Medientipps, Corona

13. April 2021

Südkurier: Hausärztechef im Südwesten kritisiert Politik deutlich und hält Impfzentren bald für verzichtbar: „Die Patienten wollen zum Hausarzt“

13.04.2021 | Zum Interview auf suedkurier.de

Seit Ostern können sich die Menschen auch bei den Hausärzten impfen lassen – was gut funktioniert. Dass die Allgemeinärzte aber nur „lächerlich wenig Impfstoff“ zur Verfügung haben, sorgt für heftigen Unmut, wie der Chef des Hausärzteverbandes Baden-Württemberg, Berthold Dietsche, sagt. Er spricht darüber, warum Impfzentren bald nicht mehr gebraucht werden könnten, über unterschiedlich teure Impfungen und Impfgipfel ohne Hausarzt-Beteiligung.

 

Herr Dr. Dietsche, welche Bilanz ziehen die Hausärzte nach der ersten Impfwoche?
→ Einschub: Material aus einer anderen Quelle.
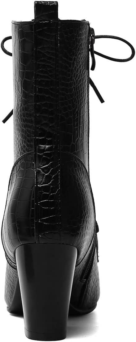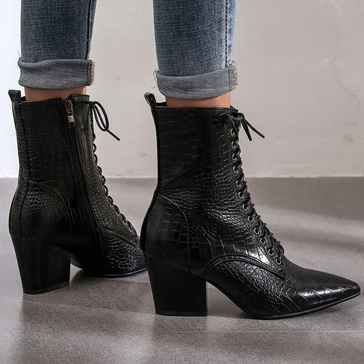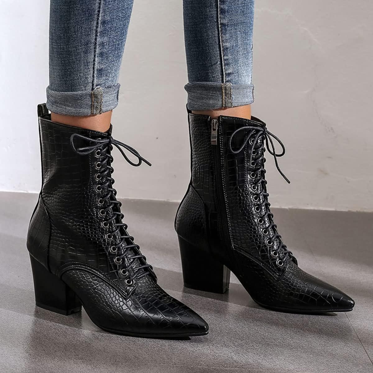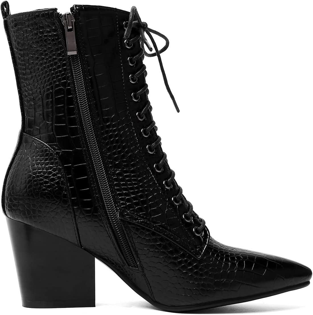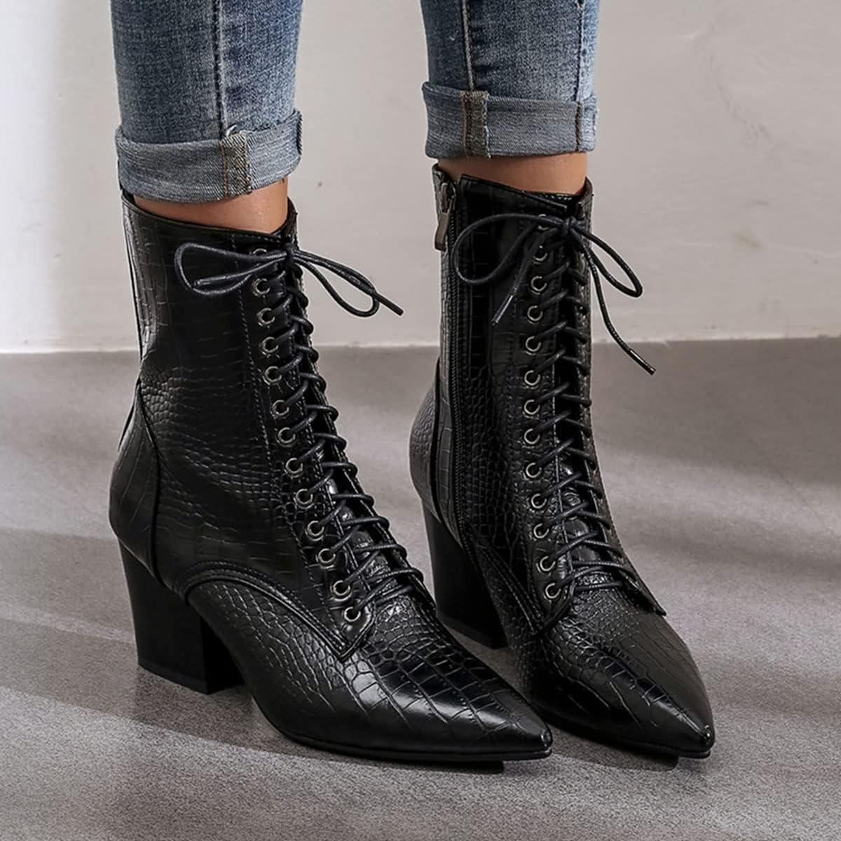 Womens Pointed Toe Chunky High Heels Ankle Boots Lace Up Block Heel Booties with Side-zip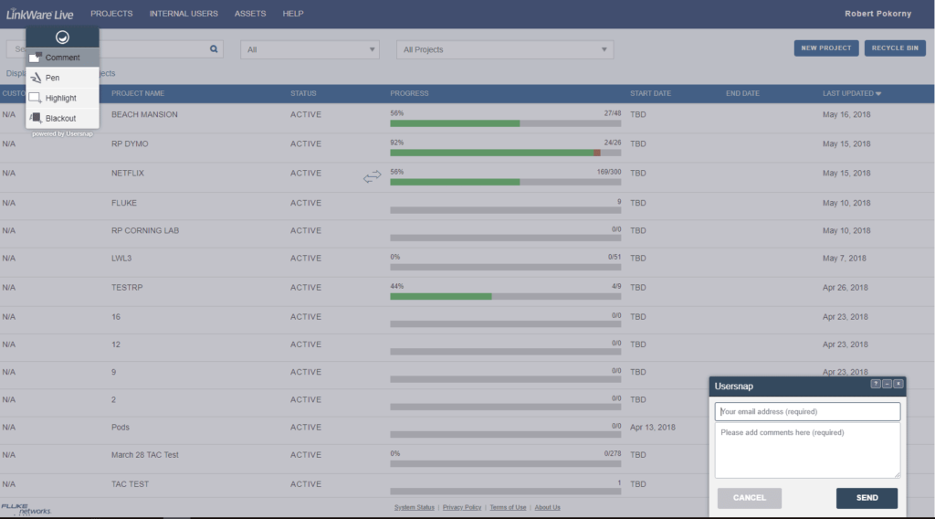 Inicie sesión en LinkWare Live y haga clic en el enlace Comentarios en la esquina inferior derecha de la interfaz de LinkWare Live.

Wegen Ostermontag wurde der Impfstoff ja erst am Mittwoch geliefert, so dass die vergangene Woche eigentlich nur aus zwei Praxistagen bestand. Nach meinen Erkenntnissen war das Ergebnis hervorragend. Wir haben im Vergleich zur Vorwoche die doppelte Menge an Impfungen erreicht. Der organisatorische Aufwand mit dem Impfstoff von Biontech ist zwar erheblich, aber nach den mir vorliegenden Ergebnissen in den Praxen läuft es sehr gut.

 

Was sagen Ihre Patienten?

Die Patienten sind uns endlos dankbar. Jeder Hausarzt hat in seiner Praxis lange Wartelisten von Patienten, die sich in der Praxis impfen lassen wollen, die weder Lust haben, in der 116117-Warteschleife zu verhungern, noch irgendwelche kollabierenden Homepages zu besuchen. Wir kennen unsere Patienten, jeder hat seine interne Periodisierung, die natürlich an die Stiko (Ständige Impfkommission, Anm. d. Red.) angelehnt ist, und wir wissen, wer jetzt dringend eine Impfung braucht.

 

Wer einen Impftermin in einem Impfzentrum haben will, muss den steinigen Weg der Bürokratie gehen. Wie weiß der Patient, wann er beim Hausarzt an der Reihe ist?

Das handhaben die Kollegen unterschiedlich. Wir haben in unserer Praxis schon länger angekündigt, dass wir voraussichtlich impfen können. Und die Patienten, die geimpft werden wollen, tragen sich bei uns ein. Wir haben ja auch die Diagnosen und das Alter unserer Patienten. Wir gehen also diese Listen systematisch durch: die Über-80-Jährigen, dann die Über-70-Jährigen, die chronisch Kranken. Nehmen wir unsere Liste der chronisch Kranken. Aufgrund dessen weiß ich, wer in erster Linie geimpft werden muss.

Wir haben kein Problem, Patienten zu suchen. Unser Problem ist es vielmehr, wie wir mit diesem lächerlich knappen Impfstoff den Bedarf decken können.

 

In der ersten Woche sollte jeder Hausarzt 20 bis 40 Dosen bekommen. Wie war das bei Ihnen?

Die Ansage war bisher 18 Dosen pro Woche und Arzt. Am letzten Wochenende kam die Ankündigung von Minister Spahn, das noch zu halbieren, um die Impfzentren mit Impfstoff entsprechend auszustatten. Dafür, muss ich sagen, fehlt uns jegliches Verständnis. Und nun kommt die Ankündigung, ab dem 19. April zur Hälfte Astrazeneca zu impfen.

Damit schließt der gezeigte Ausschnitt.